DATA RECORDS:
#####
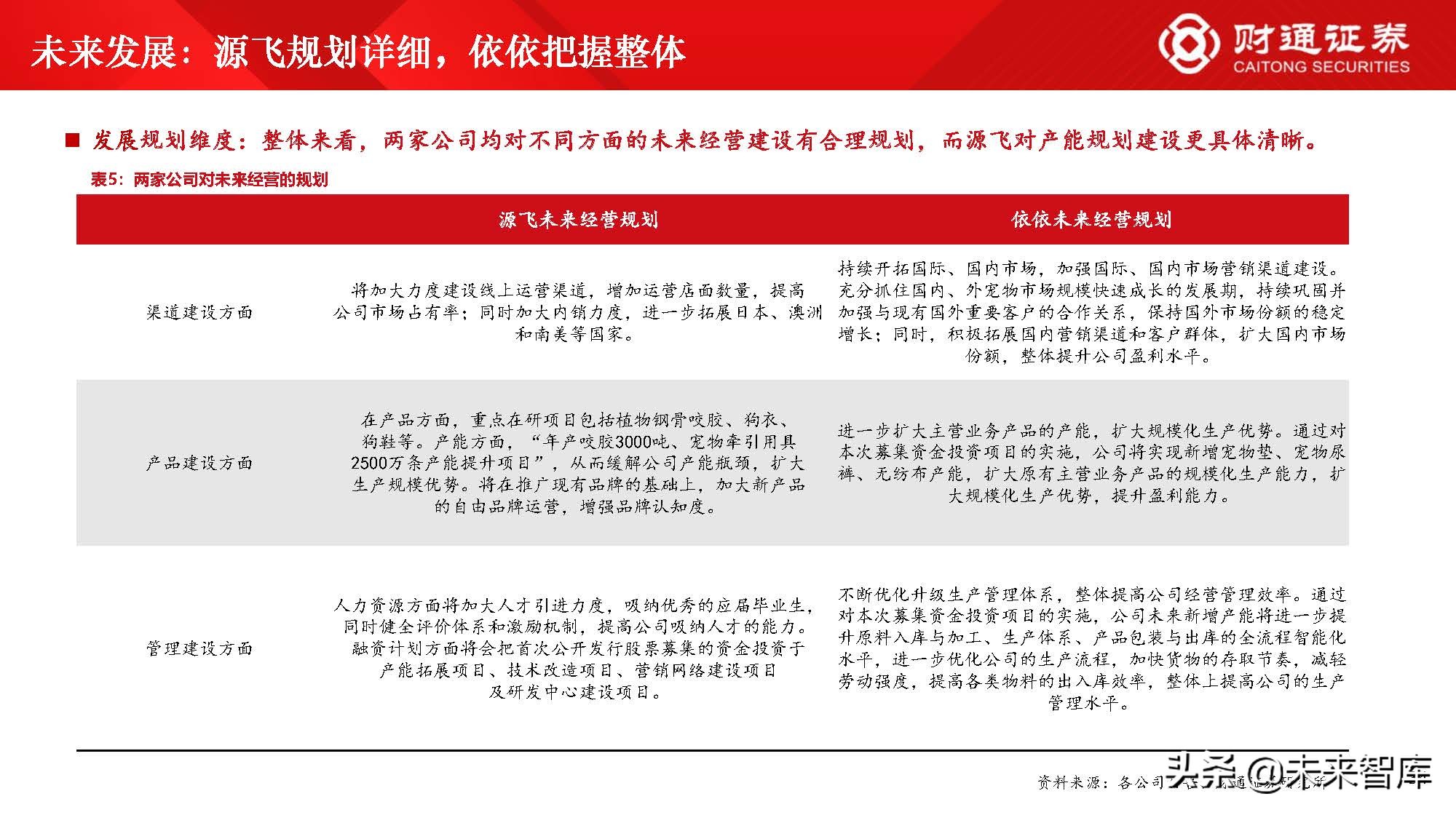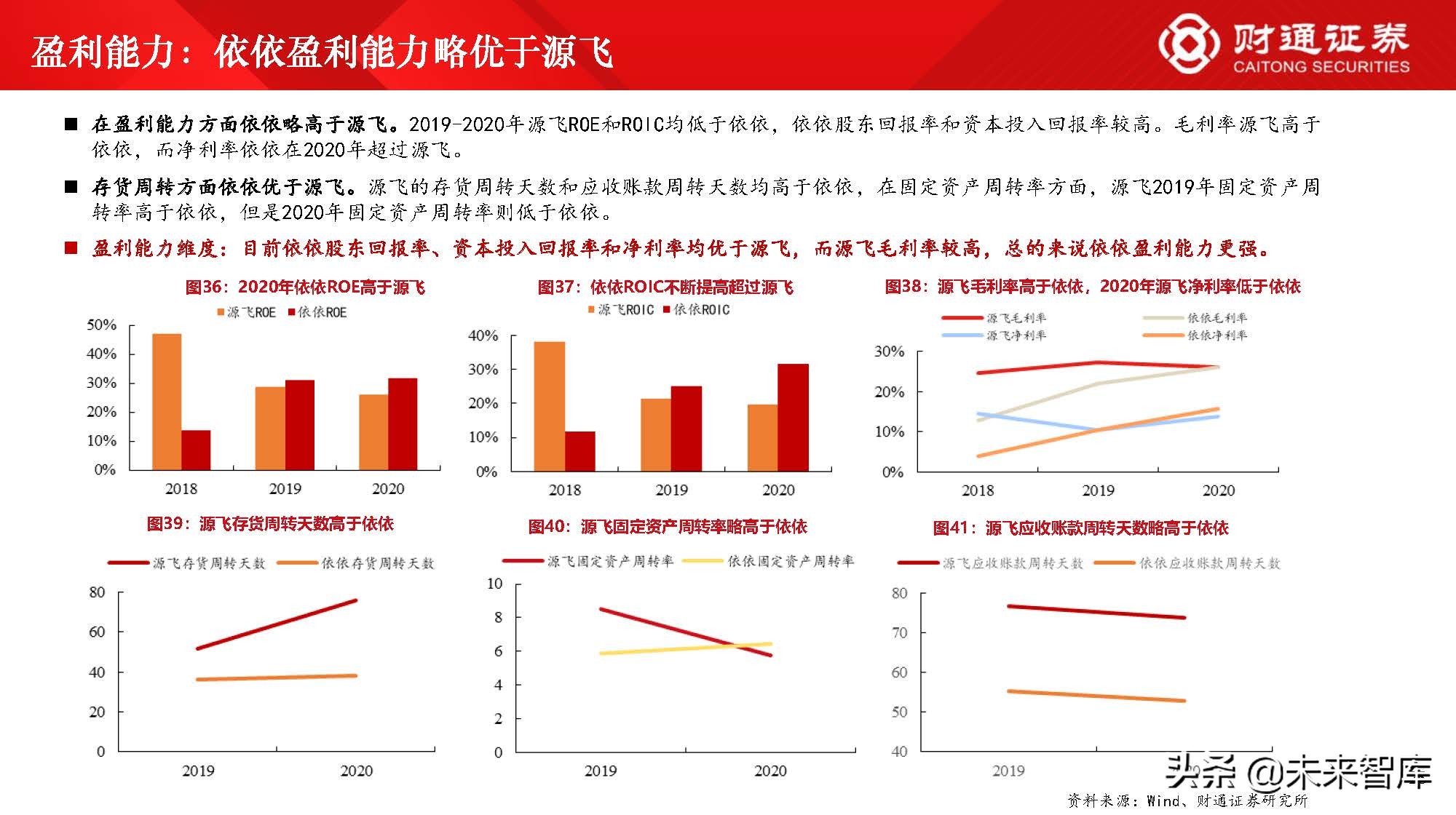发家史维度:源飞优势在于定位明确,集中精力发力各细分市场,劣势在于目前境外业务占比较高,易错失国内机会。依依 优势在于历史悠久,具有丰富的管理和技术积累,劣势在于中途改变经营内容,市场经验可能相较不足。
#####
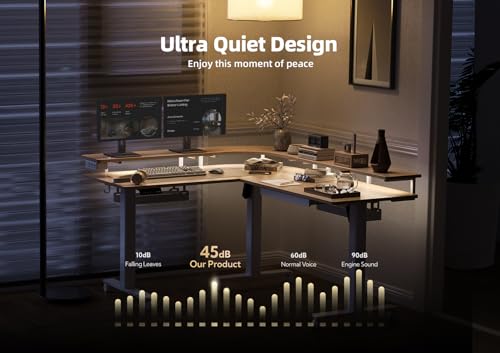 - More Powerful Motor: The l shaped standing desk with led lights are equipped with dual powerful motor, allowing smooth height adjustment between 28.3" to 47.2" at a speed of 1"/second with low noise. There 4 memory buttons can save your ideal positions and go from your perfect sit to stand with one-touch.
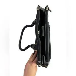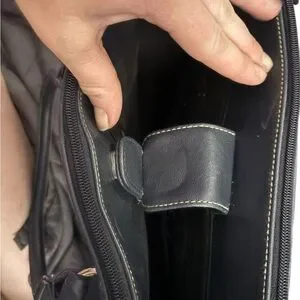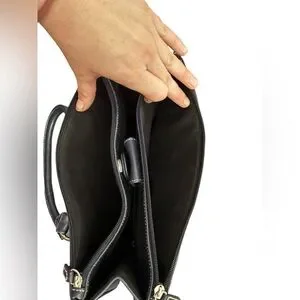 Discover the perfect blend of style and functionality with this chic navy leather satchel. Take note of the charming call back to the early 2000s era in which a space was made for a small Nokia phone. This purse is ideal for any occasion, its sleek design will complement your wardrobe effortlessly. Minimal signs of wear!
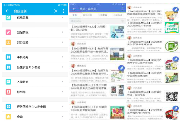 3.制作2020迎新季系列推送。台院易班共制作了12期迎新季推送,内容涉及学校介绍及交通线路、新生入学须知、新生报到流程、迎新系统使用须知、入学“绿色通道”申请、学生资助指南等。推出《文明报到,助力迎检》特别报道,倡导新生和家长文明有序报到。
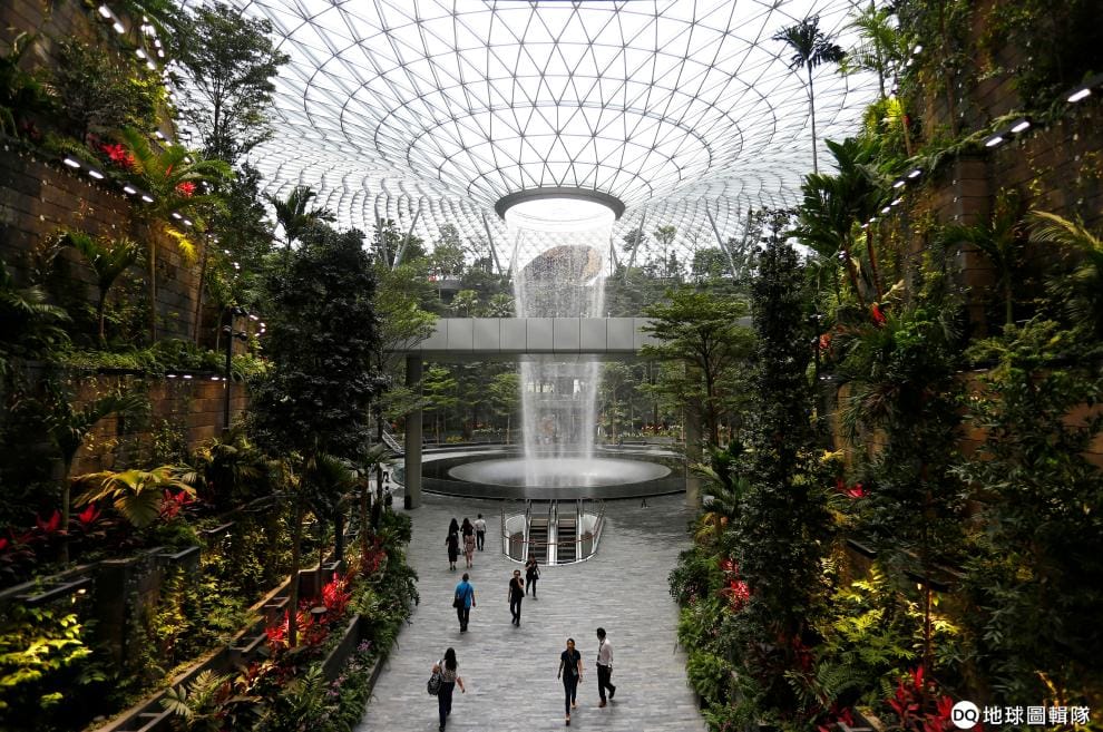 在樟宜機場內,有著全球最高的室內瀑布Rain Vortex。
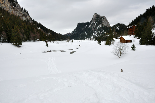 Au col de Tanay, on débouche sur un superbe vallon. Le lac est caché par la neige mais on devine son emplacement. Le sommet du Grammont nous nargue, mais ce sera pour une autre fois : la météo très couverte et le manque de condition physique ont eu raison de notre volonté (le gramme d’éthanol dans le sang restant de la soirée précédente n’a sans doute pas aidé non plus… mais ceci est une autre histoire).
#####
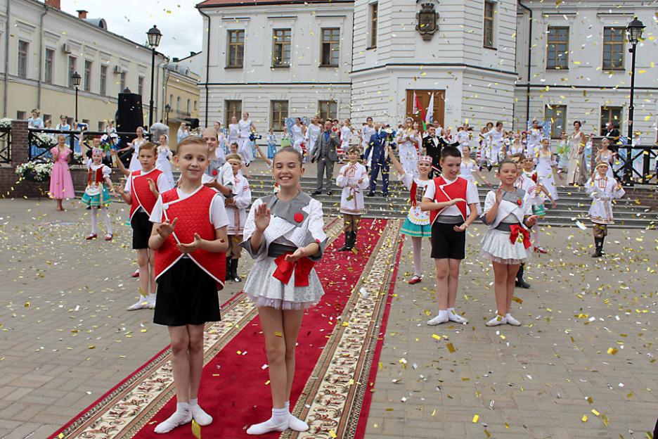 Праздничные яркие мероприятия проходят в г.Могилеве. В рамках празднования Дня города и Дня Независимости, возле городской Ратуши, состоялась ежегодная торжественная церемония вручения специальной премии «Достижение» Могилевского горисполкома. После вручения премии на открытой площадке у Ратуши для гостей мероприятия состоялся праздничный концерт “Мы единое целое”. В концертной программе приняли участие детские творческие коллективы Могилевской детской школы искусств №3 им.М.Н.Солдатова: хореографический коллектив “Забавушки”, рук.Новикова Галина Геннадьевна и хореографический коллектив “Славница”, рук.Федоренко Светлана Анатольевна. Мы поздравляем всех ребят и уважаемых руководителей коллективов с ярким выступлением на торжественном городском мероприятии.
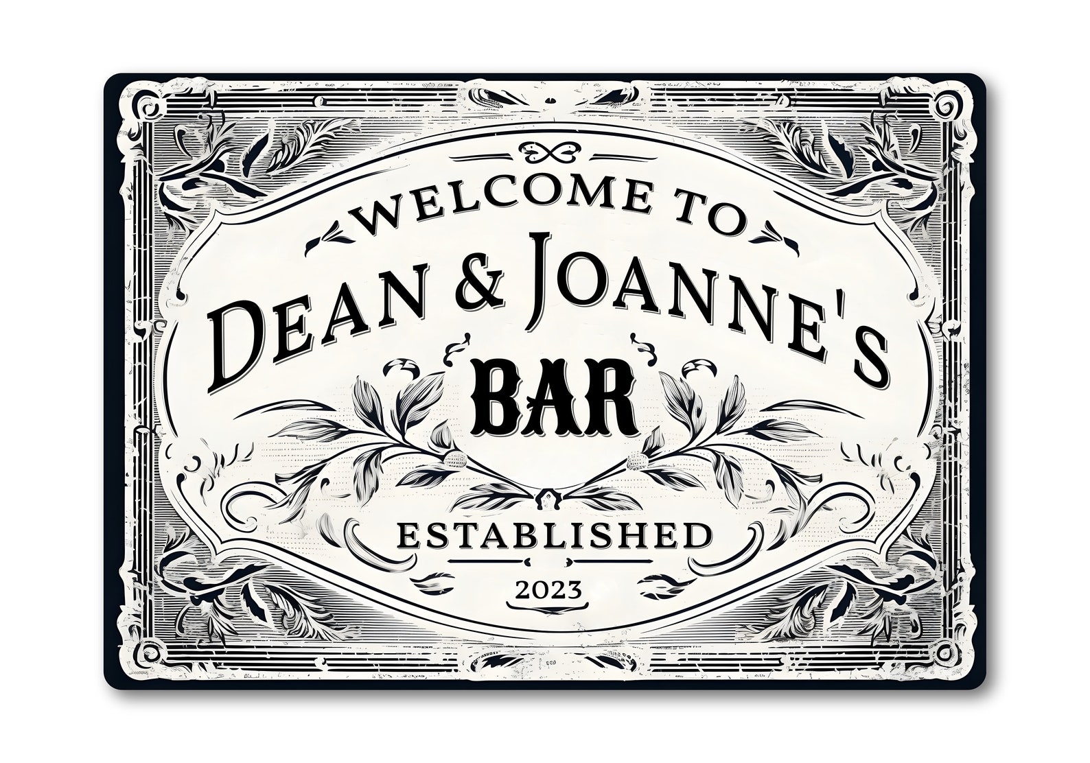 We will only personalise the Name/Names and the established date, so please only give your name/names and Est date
#####
WHAT THE TASK REQUIRES: Reproduce the entries exactly, from the line with "3.制作2020迎新季系列推" to the line with "在樟宜機場內,有著全球最高的室內瀑布Rain Vortex。", both lines included, keeping no pictures.

RESPONSE BELOW:
 3.制作2020迎新季系列推送。台院易班共制作了12期迎新季推送,内容涉及学校介绍及交通线路、新生入学须知、新生报到流程、迎新系统使用须知、入学“绿色通道”申请、学生资助指南等。推出《文明报到,助力迎检》特别报道,倡导新生和家长文明有序报到。
 在樟宜機場內,有著全球最高的室內瀑布Rain Vortex。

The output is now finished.